------ Source material

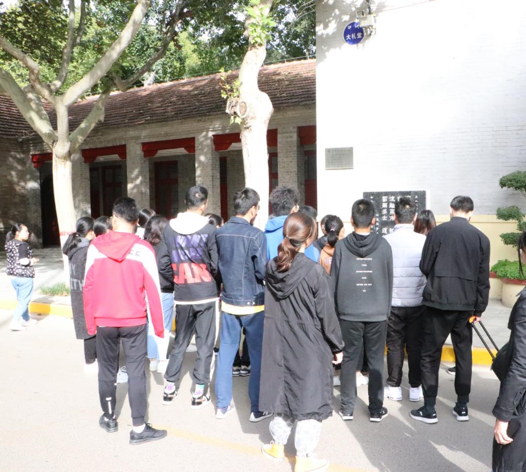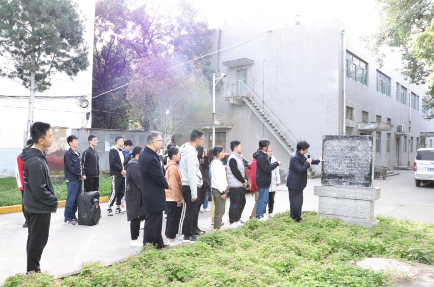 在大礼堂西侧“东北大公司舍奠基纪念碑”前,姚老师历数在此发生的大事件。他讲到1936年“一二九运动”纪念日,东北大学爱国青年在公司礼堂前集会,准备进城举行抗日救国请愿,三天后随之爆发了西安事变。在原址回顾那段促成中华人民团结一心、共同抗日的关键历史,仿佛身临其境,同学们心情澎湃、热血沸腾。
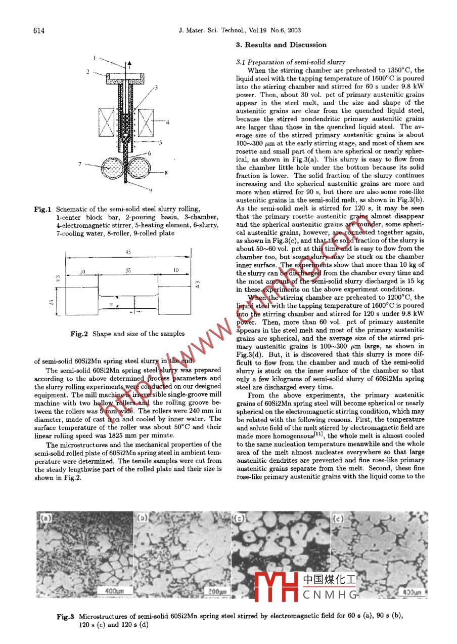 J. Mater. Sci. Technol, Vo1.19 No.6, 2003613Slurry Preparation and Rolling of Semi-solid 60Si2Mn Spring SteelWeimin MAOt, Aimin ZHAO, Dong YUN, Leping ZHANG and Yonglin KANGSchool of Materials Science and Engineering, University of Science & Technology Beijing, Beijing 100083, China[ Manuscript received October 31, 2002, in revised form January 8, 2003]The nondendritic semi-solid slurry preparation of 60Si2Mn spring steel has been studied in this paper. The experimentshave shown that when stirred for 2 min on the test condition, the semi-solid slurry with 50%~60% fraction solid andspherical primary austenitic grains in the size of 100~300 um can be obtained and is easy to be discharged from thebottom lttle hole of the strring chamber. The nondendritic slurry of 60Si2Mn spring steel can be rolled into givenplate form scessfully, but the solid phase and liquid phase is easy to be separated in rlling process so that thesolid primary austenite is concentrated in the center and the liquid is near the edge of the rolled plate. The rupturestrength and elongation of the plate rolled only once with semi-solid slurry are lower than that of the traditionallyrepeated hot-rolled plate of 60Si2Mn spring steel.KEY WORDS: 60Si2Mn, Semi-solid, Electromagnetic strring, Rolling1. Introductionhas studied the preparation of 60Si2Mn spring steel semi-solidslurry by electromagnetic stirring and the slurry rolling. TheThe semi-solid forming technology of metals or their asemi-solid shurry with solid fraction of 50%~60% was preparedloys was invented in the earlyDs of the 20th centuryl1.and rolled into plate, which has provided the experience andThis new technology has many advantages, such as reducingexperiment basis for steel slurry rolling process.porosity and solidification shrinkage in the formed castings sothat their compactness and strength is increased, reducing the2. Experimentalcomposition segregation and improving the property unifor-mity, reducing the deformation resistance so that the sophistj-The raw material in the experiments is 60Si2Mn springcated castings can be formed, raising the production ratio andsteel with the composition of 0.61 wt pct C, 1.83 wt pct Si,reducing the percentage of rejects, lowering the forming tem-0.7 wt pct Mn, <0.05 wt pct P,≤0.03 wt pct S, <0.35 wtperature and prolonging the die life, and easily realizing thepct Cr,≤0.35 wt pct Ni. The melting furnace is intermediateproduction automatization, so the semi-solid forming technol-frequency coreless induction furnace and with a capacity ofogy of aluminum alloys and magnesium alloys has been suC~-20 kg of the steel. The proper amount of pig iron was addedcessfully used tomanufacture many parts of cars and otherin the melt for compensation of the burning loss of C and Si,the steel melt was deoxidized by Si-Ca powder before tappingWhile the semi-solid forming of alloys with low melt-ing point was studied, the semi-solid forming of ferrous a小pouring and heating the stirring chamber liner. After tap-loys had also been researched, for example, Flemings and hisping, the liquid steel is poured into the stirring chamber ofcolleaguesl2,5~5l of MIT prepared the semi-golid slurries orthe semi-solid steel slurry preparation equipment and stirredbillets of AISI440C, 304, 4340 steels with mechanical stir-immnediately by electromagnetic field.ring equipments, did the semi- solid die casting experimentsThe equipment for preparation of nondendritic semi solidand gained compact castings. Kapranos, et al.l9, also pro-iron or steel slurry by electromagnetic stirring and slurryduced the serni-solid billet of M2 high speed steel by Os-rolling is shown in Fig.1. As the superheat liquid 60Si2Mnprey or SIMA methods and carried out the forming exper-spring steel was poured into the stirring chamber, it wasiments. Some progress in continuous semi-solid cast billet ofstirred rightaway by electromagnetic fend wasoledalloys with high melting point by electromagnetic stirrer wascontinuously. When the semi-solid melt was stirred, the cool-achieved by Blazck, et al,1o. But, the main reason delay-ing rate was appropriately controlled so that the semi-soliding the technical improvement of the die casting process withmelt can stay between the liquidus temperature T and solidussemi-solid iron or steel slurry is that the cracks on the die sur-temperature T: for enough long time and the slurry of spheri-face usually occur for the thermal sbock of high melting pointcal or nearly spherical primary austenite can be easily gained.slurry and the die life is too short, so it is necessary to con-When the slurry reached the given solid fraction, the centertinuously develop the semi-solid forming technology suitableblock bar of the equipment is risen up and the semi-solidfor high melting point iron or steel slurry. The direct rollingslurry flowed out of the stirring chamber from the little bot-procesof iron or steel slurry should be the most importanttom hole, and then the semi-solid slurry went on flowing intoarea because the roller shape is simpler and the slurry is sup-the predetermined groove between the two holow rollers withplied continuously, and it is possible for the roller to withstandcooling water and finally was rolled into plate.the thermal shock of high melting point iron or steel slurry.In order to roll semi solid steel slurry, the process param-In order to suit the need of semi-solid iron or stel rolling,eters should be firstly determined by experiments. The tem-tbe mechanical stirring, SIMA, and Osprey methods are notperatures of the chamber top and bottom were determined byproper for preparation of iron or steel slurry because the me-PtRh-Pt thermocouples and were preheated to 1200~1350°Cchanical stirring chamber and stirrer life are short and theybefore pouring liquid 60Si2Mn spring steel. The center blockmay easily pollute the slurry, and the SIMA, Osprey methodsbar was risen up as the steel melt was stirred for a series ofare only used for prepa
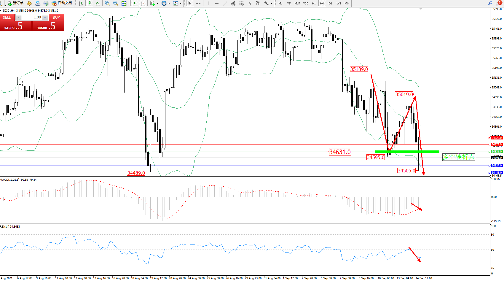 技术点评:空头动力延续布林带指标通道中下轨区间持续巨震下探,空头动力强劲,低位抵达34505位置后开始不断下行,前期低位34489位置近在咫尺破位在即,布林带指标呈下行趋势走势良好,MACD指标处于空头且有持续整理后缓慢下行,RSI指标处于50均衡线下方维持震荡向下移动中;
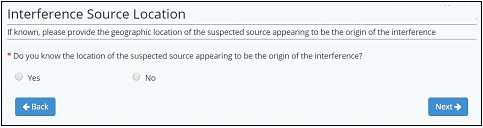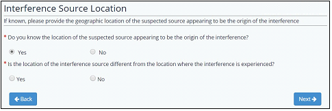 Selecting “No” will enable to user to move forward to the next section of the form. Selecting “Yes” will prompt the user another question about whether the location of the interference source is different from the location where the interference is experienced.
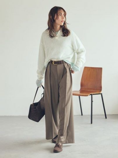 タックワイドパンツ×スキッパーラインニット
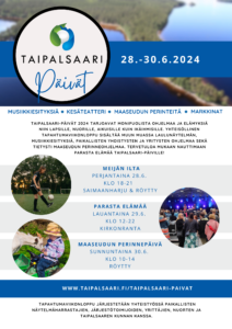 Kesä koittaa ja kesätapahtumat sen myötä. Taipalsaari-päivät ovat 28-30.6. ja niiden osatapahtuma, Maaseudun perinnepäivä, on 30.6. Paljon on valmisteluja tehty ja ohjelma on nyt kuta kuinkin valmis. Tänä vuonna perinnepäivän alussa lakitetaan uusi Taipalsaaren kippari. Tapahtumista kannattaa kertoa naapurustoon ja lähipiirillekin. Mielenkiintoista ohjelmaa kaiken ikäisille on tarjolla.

------------

▸ **Exercise brief**
Omit the pictures, then print the rest of the listing above exactly.

▸ **Result of this task**
 在大礼堂西侧“东北大公司舍奠基纪念碑”前,姚老师历数在此发生的大事件。他讲到1936年“一二九运动”纪念日,东北大学爱国青年在公司礼堂前集会,准备进城举行抗日救国请愿,三天后随之爆发了西安事变。在原址回顾那段促成中华人民团结一心、共同抗日的关键历史,仿佛身临其境,同学们心情澎湃、热血沸腾。
 J. Mater. Sci. Technol, Vo1.19 No.6, 2003613Slurry Preparation and Rolling of Semi-solid 60Si2Mn Spring SteelWeimin MAOt, Aimin ZHAO, Dong YUN, Leping ZHANG and Yonglin KANGSchool of Materials Science and Engineering, University of Science & Technology Beijing, Beijing 100083, China[ Manuscript received October 31, 2002, in revised form January 8, 2003]The nondendritic semi-solid slurry preparation of 60Si2Mn spring steel has been studied in this paper. The experimentshave shown that when stirred for 2 min on the test condition, the semi-solid slurry with 50%~60% fraction solid andspherical primary austenitic grains in the size of 100~300 um can be obtained and is easy to be discharged from thebottom lttle hole of the strring chamber. The nondendritic slurry of 60Si2Mn spring steel can be rolled into givenplate form scessfully, but the solid phase and liquid phase is easy to be separated in rlling process so that thesolid primary austenite is concentrated in the center and the liquid is near the edge of the rolled plate. The rupturestrength and elongation of the plate rolled only once with semi-solid slurry are lower than that of the traditionallyrepeated hot-rolled plate of 60Si2Mn spring steel.KEY WORDS: 60Si2Mn, Semi-solid, Electromagnetic strring, Rolling1. Introductionhas studied the preparation of 60Si2Mn spring steel semi-solidslurry by electromagnetic stirring and the slurry rolling. TheThe semi-solid forming technology of metals or their asemi-solid shurry with solid fraction of 50%~60% was preparedloys was invented in the earlyDs of the 20th centuryl1.and rolled into plate, which has provided the experience andThis new technology has many advantages, such as reducingexperiment basis for steel slurry rolling process.porosity and solidification shrinkage in the formed castings sothat their compactness and strength is increased, reducing the2. Experimentalcomposition segregation and improving the property unifor-mity, reducing the deformation resistance so that the sophistj-The raw material in the experiments is 60Si2Mn springcated castings can be formed, raising the production ratio andsteel with the composition of 0.61 wt pct C, 1.83 wt pct Si,reducing the percentage of rejects, lowering the forming tem-0.7 wt pct Mn, <0.05 wt pct P,≤0.03 wt pct S, <0.35 wtperature and prolonging the die life, and easily realizing thepct Cr,≤0.35 wt pct Ni. The melting furnace is intermediateproduction automatization, so the semi-solid forming technol-frequency coreless induction furnace and with a capacity ofogy of aluminum alloys and magnesium alloys has been suC~-20 kg of the steel. The proper amount of pig iron was addedcessfully used tomanufacture many parts of cars and otherin the melt for compensation of the burning loss of C and Si,the steel melt was deoxidized by Si-Ca powder before tappingWhile the semi-solid forming of alloys with low melt-ing point was studied, the semi-solid forming of ferrous a小pouring and heating the stirring chamber liner. After tap-loys had also been researched, for example, Flemings and hisping, the liquid steel is poured into the stirring chamber ofcolleaguesl2,5~5l of MIT prepared the semi-golid slurries orthe semi-solid steel slurry preparation equipment and stirredbillets of AISI440C, 304, 4340 steels with mechanical stir-immnediately by electromagnetic field.ring equipments, did the semi- solid die casting experimentsThe equipment for preparation of nondendritic semi solidand gained compact castings. Kapranos, et al.l9, also pro-iron or steel slurry by electromagnetic stirring and slurryduced the serni-solid billet of M2 high speed steel by Os-rolling is shown in Fig.1. As the superheat liquid 60Si2Mnprey or SIMA methods and carried out the forming exper-spring steel was poured into the stirring chamber, it wasiments. Some progress in continuous semi-solid cast billet ofstirred rightaway by electromagnetic fend wasoledalloys with high melting point by electromagnetic stirrer wascontinuously. When the semi-solid melt was stirred, the cool-achieved by Blazck, et al,1o. But, the main reason delay-ing rate was appropriately controlled so that the semi-soliding the technical improvement of the die casting process withmelt can stay between the liquidus temperature T and solidussemi-solid iron or steel slurry is that the cracks on the die sur-temperature T: for enough long time and the slurry of spheri-face usually occur for the thermal sbock of high melting pointcal or nearly spherical primary austenite can be easily gained.slurry and the die life is too short, so it is necessary to con-When the slurry reached the given solid fraction, the centertinuously develop the semi-solid forming technology suitableblock bar of the equipment is risen up and the semi-solidfor high melting point iron or steel slurry. The direct rollingslurry flowed out of the stirring chamber from the little bot-procesof iron or steel slurry should be the most importanttom hole, and then the semi-solid slurry went on flowing intoarea because the roller shape is simpler and the slurry is sup-the predetermined groove between the two holow rollers withplied continuously, and it is possible for the roller to withstandcooling water and finally was rolled into plate.the thermal shock of high melting point iron or steel slurry.In order to roll semi solid steel slurry, the process param-In order to suit the need of semi-solid iron or stel rolling,eters should be firstly determined by experiments. The tem-tbe mechanical stirring, SIMA, and Osprey methods are notperatures of the chamber top and bottom were determined byproper for preparation of iron or steel slurry because the me-PtRh-Pt thermocouples and were preheated to 1200~1350°Cchanical stirring chamber and stirrer life are short and theybefore pouring liquid 60Si2Mn spring steel. The center blockmay easily pollute the slurry, and the SIMA, Osprey methodsbar was risen up as the steel melt was stirred for a series ofare only used for prepa
 技术点评:空头动力延续布林带指标通道中下轨区间持续巨震下探,空头动力强劲,低位抵达34505位置后开始不断下行,前期低位34489位置近在咫尺破位在即,布林带指标呈下行趋势走势良好,MACD指标处于空头且有持续整理后缓慢下行,RSI指标处于50均衡线下方维持震荡向下移动中;
 Selecting “No” will enable to user to move forward to the next section of the form. Selecting “Yes” will prompt the user another question about whether the location of the interference source is different from the location where the interference is experienced.
 タックワイドパンツ×スキッパーラインニット
 Kesä koittaa ja kesätapahtumat sen myötä. Taipalsaari-päivät ovat 28-30.6. ja niiden osatapahtuma, Maaseudun perinnepäivä, on 30.6. Paljon on valmisteluja tehty ja ohjelma on nyt kuta kuinkin valmis. Tänä vuonna perinnepäivän alussa lakitetaan uusi Taipalsaaren kippari. Tapahtumista kannattaa kertoa naapurustoon ja lähipiirillekin. Mielenkiintoista ohjelmaa kaiken ikäisille on tarjolla.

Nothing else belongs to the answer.